# Hello From So Cal.



## Clyde (Dec 18, 2015)

Hello to all. 
I have been studying Shaolin/Kenpo for nearly 5 years. Thankfully my Sensei is not some McDojo instructor, as he practices what he preaches and holds all his students to very high standards. 
I have also studied Aikido for a short time, and began my journey under Robert Perry in Westminster, CA back in 1986, but stopped for the Army.


----------



## donald1 (Dec 18, 2015)

Hello.


----------



## tshadowchaser (Dec 18, 2015)

welcome to Martial Talk.
I hope you enjoy your time here.  Be sure to ask questions and contribute when you can


----------



## SahBumNimRush (Dec 18, 2015)

Greetings and welcome to MT!


----------



## Tony Dismukes (Dec 18, 2015)

Welcome to MartialTalk!


----------



## Bill Mattocks (Dec 18, 2015)

Welcome to MT!


----------



## Touch Of Death (Dec 18, 2015)

It is good to have you.


----------



## Jenna (Dec 18, 2015)

Clyde said:


> Hello to all.
> I have been studying Shaolin/Kenpo for nearly 5 years. Thankfully my Sensei is not some McDojo instructor, as he practices what he preaches and holds all his students to very high standards.
> I have also studied Aikido for a short time, and began my journey under Robert Perry in Westminster, CA back in 1986, but stopped for the Army.
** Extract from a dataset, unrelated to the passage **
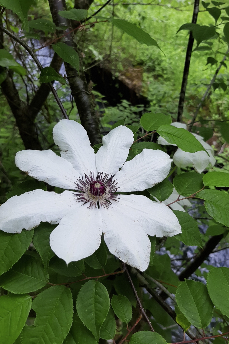 「セレブおばさまならいいぜ。ウヘヘ」。そんな汚らわしいオトコがおりましたら、放っておきましょう。なんていっても、カザグルマの魅力はその清楚さにあるんですから!!カザグルマは花色が白~薄紫色で、中心の雄しべが日を追うごとに開いていくのもチャームポイント。そして花弁に見える大きな白い花びらは、キンポウゲ科にありがちなガク片。このガク片がダンサーのように艷やかにうねります♪……あ、いま自分の汚らわしさに気づきました。
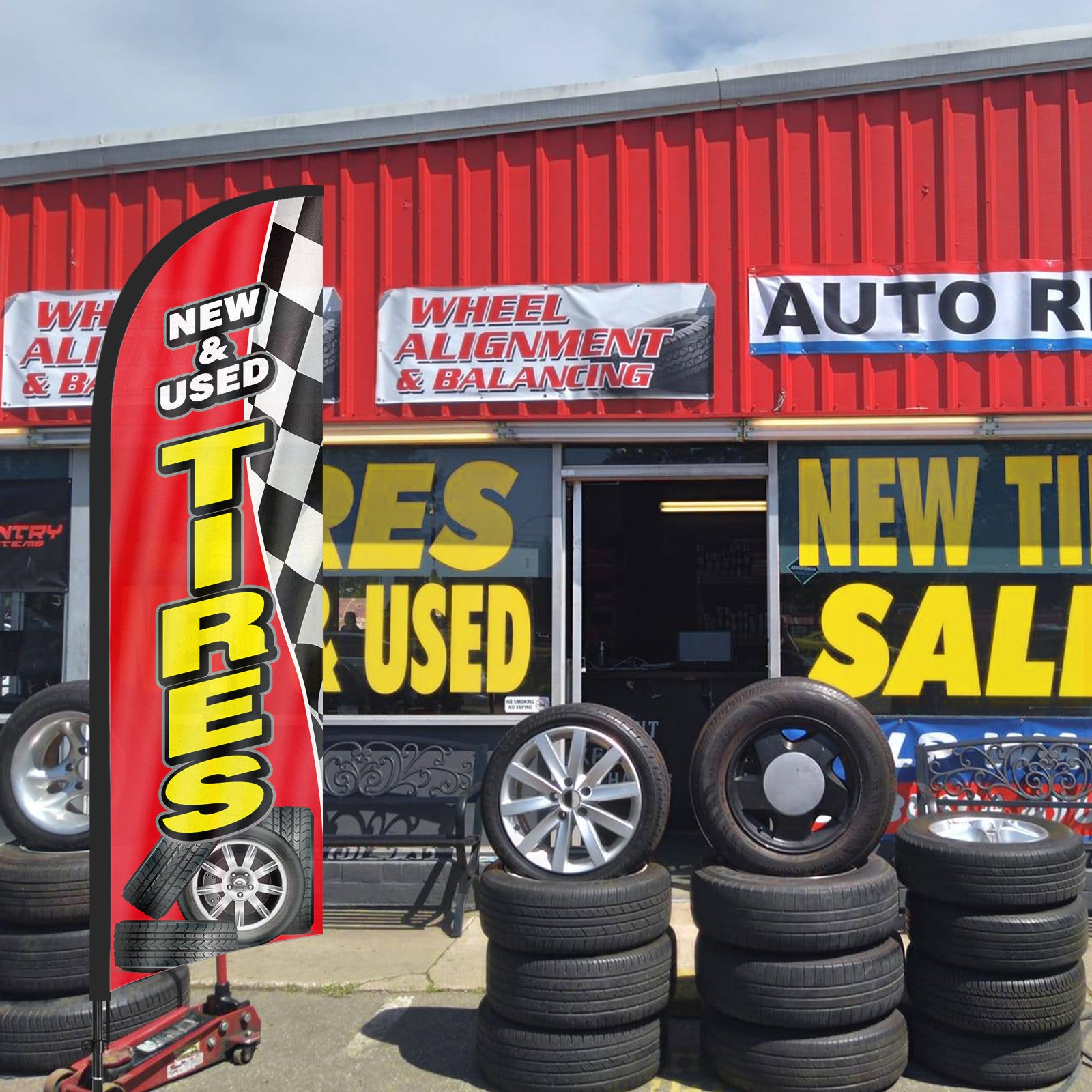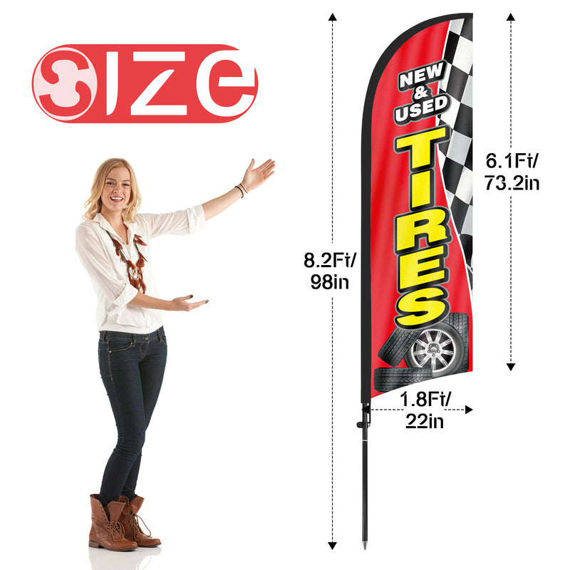- 【Attention-Grabbing】New&Used Tires feather flags stand tall and sway with the wind, making them highly visible and attention-grabbing. The New&Used Tires flags’ unique shape and vibrant colors make them stand out in crowded environments, attracting many potential customers from a distance.

Ciao bello welcome aboard  You are a Clyde and I hope at some time you have had a Bonnie to accompany you


----------



## Brian R. VanCise (Dec 18, 2015)

Welcome to MartialTalk!


----------



## Clyde (Dec 18, 2015)

donald1 said:


> Hello.


Hello there


tshadowchaser said:


> welcome to Martial Talk.
> I hope you enjoy your time here.  Be sure to ask questions and contribute when you can


Thanks, it's good tobe here and I certainly will post where I can


SahBumNimRush said:


> Greetings and welcome to MT!


Thank you! 


Tony Dismukes said:


> Welcome to MartialTalk!


Thank you!


Bill Mattocks said:


> Welcome to MT!


Thank you!


Touch Of Death said:


> It is good to have you.


Thank you!


Jenna said:


> Ciao bello welcome aboard  You are a Clyde and I hope at some time you have had a Bonnie to accompany you


LOL....
funny you should say that as my "Bonnie" aka wife tested for our BB the same day....


Brian R. VanCise said:


> Welcome to MartialTalk!


Thanks you for the message!


----------



## Buka (Dec 22, 2015)

Welcome aboard, Clyde.


----------



## Clyde (Dec 22, 2015)

Buka said:


> Welcome aboard, Clyde.


Thank you!


----------